Improved gas sensing properties of silver-functionalized ZnSnO3 hollow nanocubes

Abstract

Hollow ZnSnO₃ nanocubes were successfully synthesized by a simple solvothermal strategy and then silver nanoparticles were decorated on the surface of ZnSnO₃ by an effective deposition method. The morphology, microstructure, crystalline nature and the chemical compositions of the products were characterized by a variety of techniques including X-ray diffraction (XRD), scanning electron microscopy (SEM), transmission electron microscopy (TEM) and X-ray photoelectron spectroscopy (XPS).
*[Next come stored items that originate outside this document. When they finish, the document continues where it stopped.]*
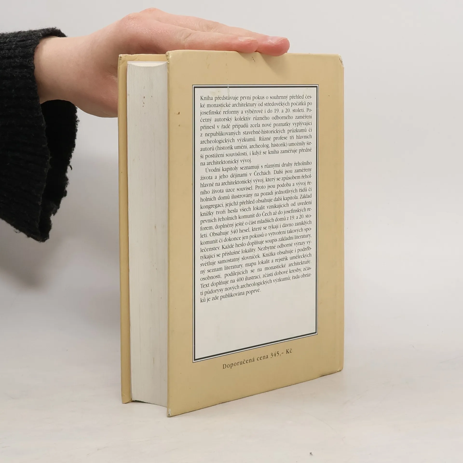 Kniha představuje první pokus o souhrnný přehled české monastické architektury od středověkých počátků po josefínské reformy a výběrově i do 19. a 20. století. Početný autorský kolektiv různého odborného zaměření přinesl v řadě případů zcela nové poznatky vyplývající z nepublikovaných stavebně-historických průzkumů či archeologických výzkumů. Různé profese tří hlavních autorů (historik umění, archeolog, historik) umožnily širší postižení souvislostí, i když se kniha zaměřuje předně na architektonický vývoj. Úvodní kapitoly knihy seznamují čtenáře s různými druhy řeholního života a jeho dějinami v Čechách. Další jsou zaměřeny především na architektonický vývoj, který se způsobem řeholního života úzce souvisel. Základ encyklopedie však tvoří hesla všech lokalit vznikajících od uvedení prvních řeholních komunit do Čech až po josefínské reformy, doplněné ještě výběrově o část mladších domů z 19. a 20. století. Obsahuje na 340 hesel, které se týkají i dávno zaniklých komunit či jen pokusů o vytvoření takových společenstev. Každé heslo doplňuje soupis základní literatury, týkající se příslušné lokality. Nezbytné odborné výrazy vysvětluje samostatný slovníček. Knížka obsahuje i podrobný seznam literatury, mapu lokalit a rejstřík uměleckých osobností, podílejících se na monastické architektuře. Text doplňuje na 400 ilustrací, zčásti dobové kresby, zčásti půdorysy nových archeologických výzkumů; řada obrázků je zde publikována poprvé. Tato publikace se umístila na 1.-2. místě ankety historiků časopisu Dějiny a současnost o nejlepší historickou knihu roku 1997. První vydání 1997. Dotisk 1998, 2000, 2002. První vydání 5000 výt., dotisky 2000 výt.
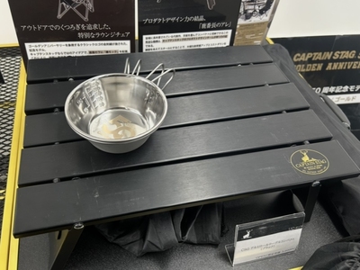 周年の限定商品は人気のシェラカップ、折り畳みテーブル、たき火台などを黒、金といった高級感のある色で打ち出す。「シチズン」と組んだ腕時計、『ゆるキャン△』との協業Tシャツなどもある。
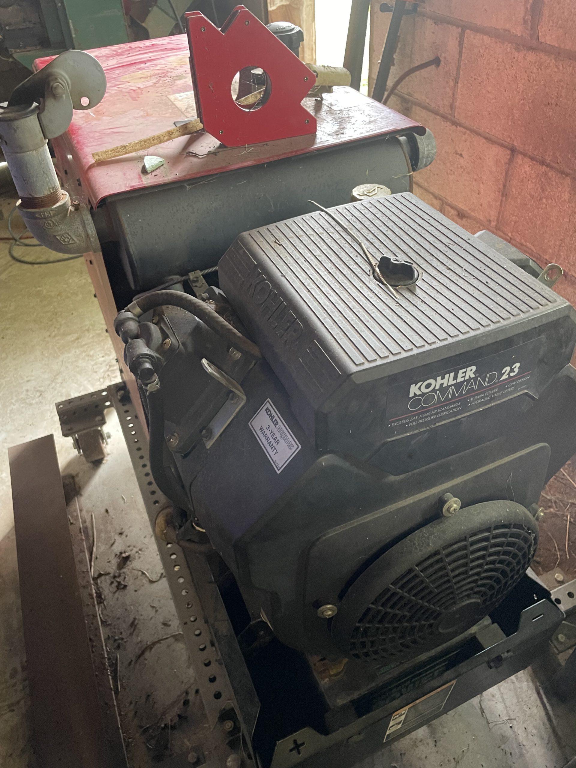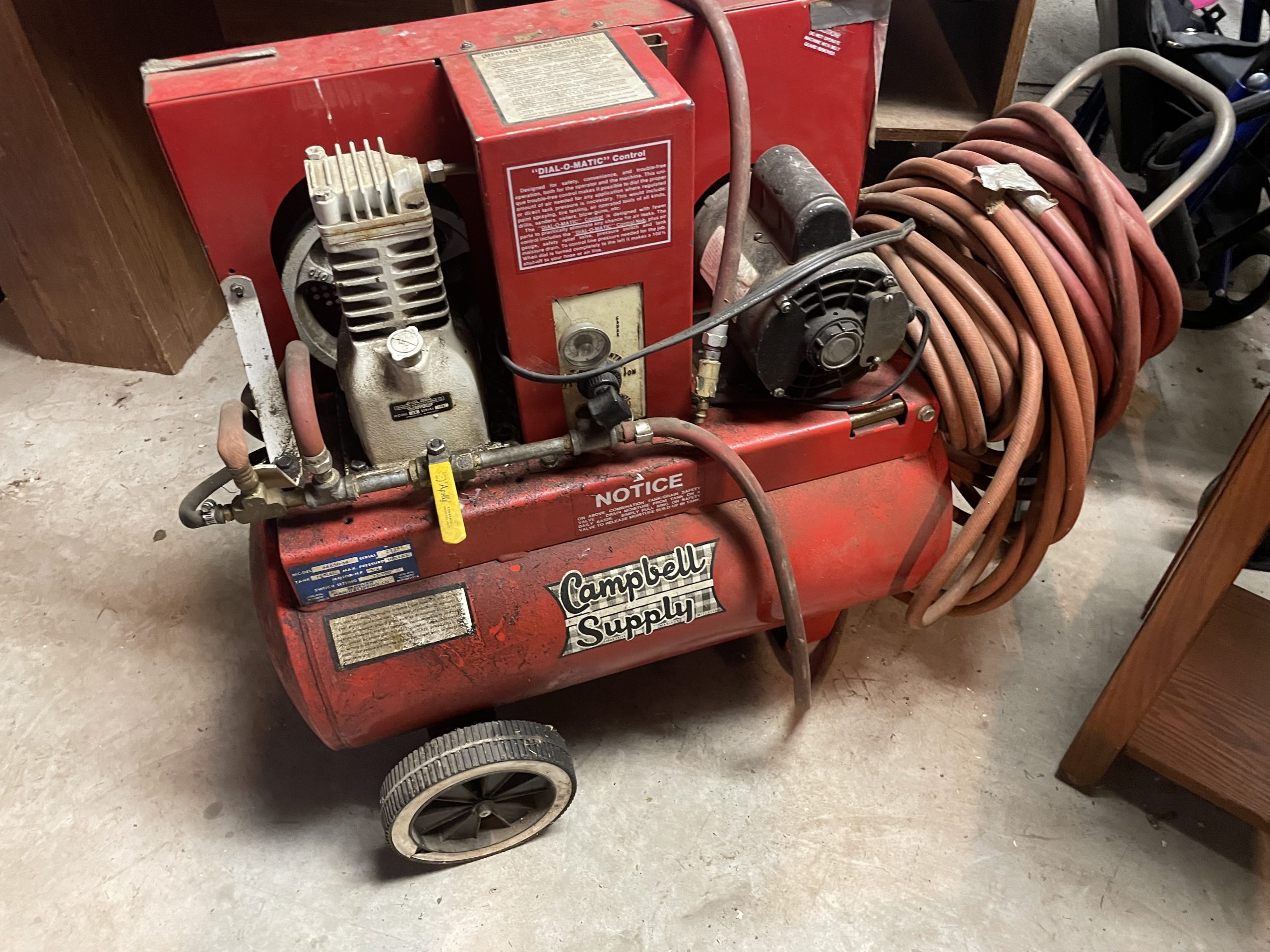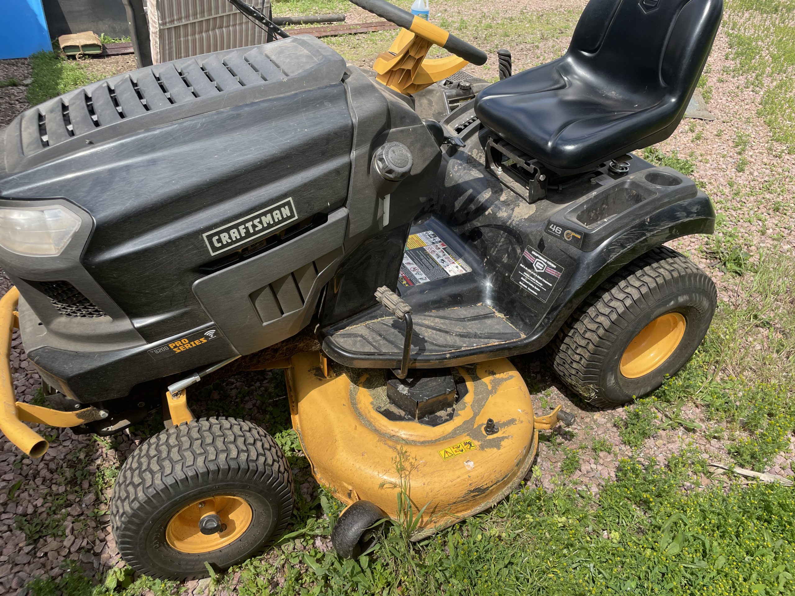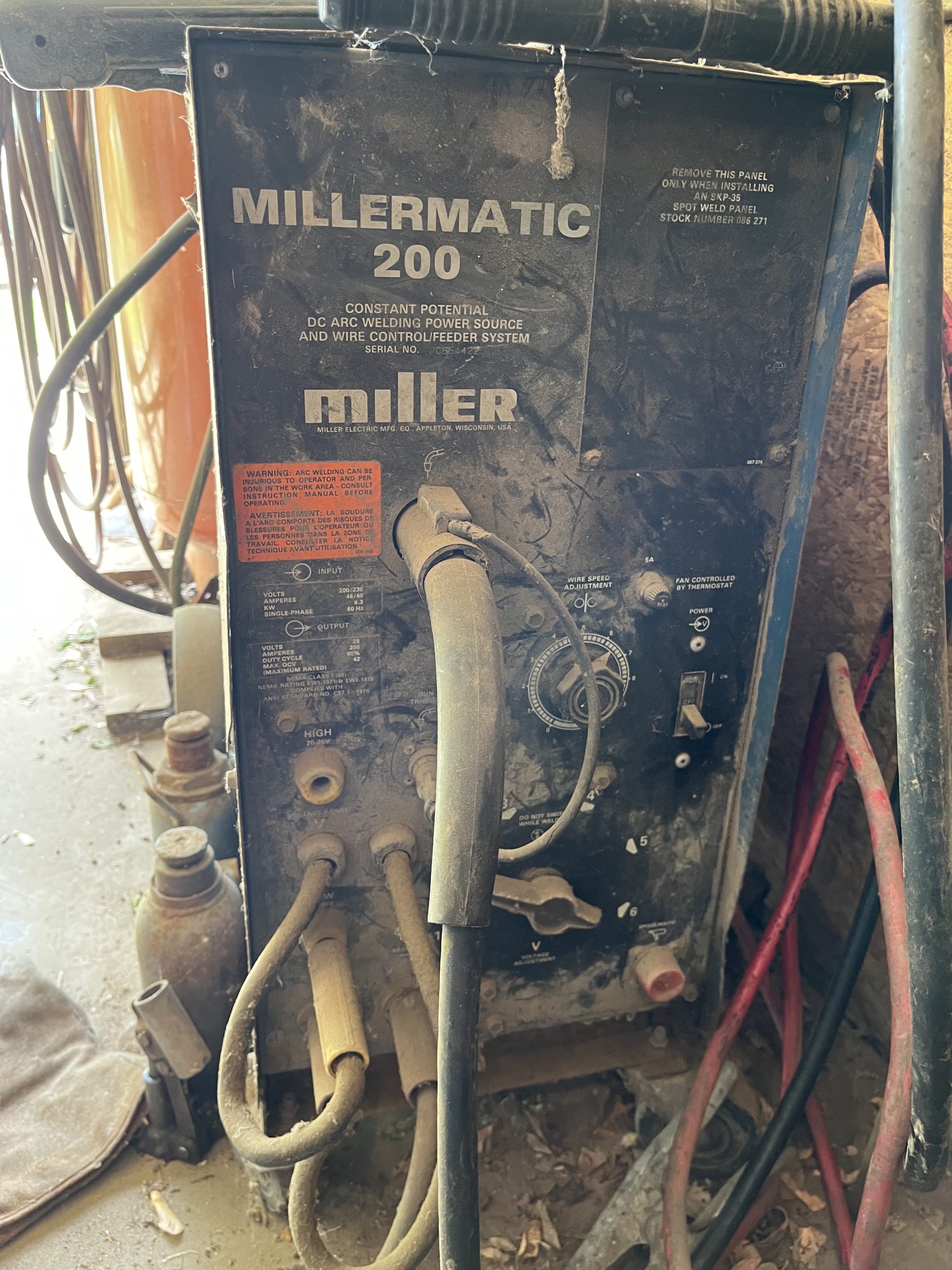 Misc: Lincoln electric 10,000 plus welder/Kohler engine; Miller Syncrowave 200 welder; cutting torch/tanks; livestock gates and panels; lumber; saddles; Dayton drill press; Dewalt tools; Craftsman riding lawn mower; Werner ladder; air compressor; tie downs/straps; deer stand; hunting and fishing equipment; boat/trailer; trolling motor; wood flooring; tools; bucket mount bale fork attachment; tree shredder; Milwaukee portable band saw; vise; canning equipment; household; toys; desks; dressers; only partial listing, many tools.

The prepared Ag-functionalized ZnSnO₃ was found to be a novel porous hollow structure by characterization. This structure has a larger specific surface area and high gas permeability, thus allowing the material to make sufficient in contact with the analyte molecules. In order to further study the gas sensing performance of the samples, Ag-functionalized ZnSnO₃ gas sensors were fabricated. The results show that Ag-functionalized ZnSnO₃ nanocubes could enhance the gas sensing properties of ZnSnO₃ to acetone. In particular, the Ag-functionalized ZnSnO₃ with an atomic ratio of 0.6% realized a high gas response, ultrafast response/recovery speed, a low detection limit (1 ppm) and strong selectivity to acetone. The response of the Ag-functionalized ZnSnO₃ sensor was 31.62–100 ppm, which was 3.18-times higher than that of the pristine ZnSnO₃ hollow nanocubes. In addition, the formation mechanism of the hollow structure and the mechanism of Ag modification to improve the sensing performance of ZnSnO₃ sensor were discussed.